**EXERCISE DIRECTIONS**
Nothing is needed except the lines below that run from the one with "Flugzeuge Zivil Bonanza" through the one with "需要「槍兵」「戟兵」等等的特", repeated exactly.

**TASK INPUTS**
● ● ●

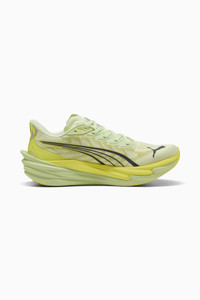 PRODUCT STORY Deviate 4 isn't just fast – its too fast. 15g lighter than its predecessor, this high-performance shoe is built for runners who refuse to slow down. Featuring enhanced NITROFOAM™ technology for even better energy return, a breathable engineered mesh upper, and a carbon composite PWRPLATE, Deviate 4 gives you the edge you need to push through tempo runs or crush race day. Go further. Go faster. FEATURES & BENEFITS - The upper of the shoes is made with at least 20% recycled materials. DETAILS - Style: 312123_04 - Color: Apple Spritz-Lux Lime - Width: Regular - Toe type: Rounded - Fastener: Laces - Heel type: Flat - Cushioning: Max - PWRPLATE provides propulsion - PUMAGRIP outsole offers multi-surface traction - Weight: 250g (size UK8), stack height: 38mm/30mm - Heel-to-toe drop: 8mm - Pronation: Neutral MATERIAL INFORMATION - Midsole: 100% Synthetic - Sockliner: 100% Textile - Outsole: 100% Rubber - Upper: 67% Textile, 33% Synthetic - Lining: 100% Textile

● ● ●

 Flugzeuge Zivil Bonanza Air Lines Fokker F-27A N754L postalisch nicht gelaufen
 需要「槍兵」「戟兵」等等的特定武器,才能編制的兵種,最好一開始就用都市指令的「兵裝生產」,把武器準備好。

● ● ●

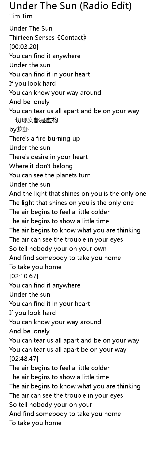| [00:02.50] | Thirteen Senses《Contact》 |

● ● ●

**RESULT FOR THIS TASK**
 Flugzeuge Zivil Bonanza Air Lines Fokker F-27A N754L postalisch nicht gelaufen
 需要「槍兵」「戟兵」等等的特定武器,才能編制的兵種,最好一開始就用都市指令的「兵裝生產」,把武器準備好。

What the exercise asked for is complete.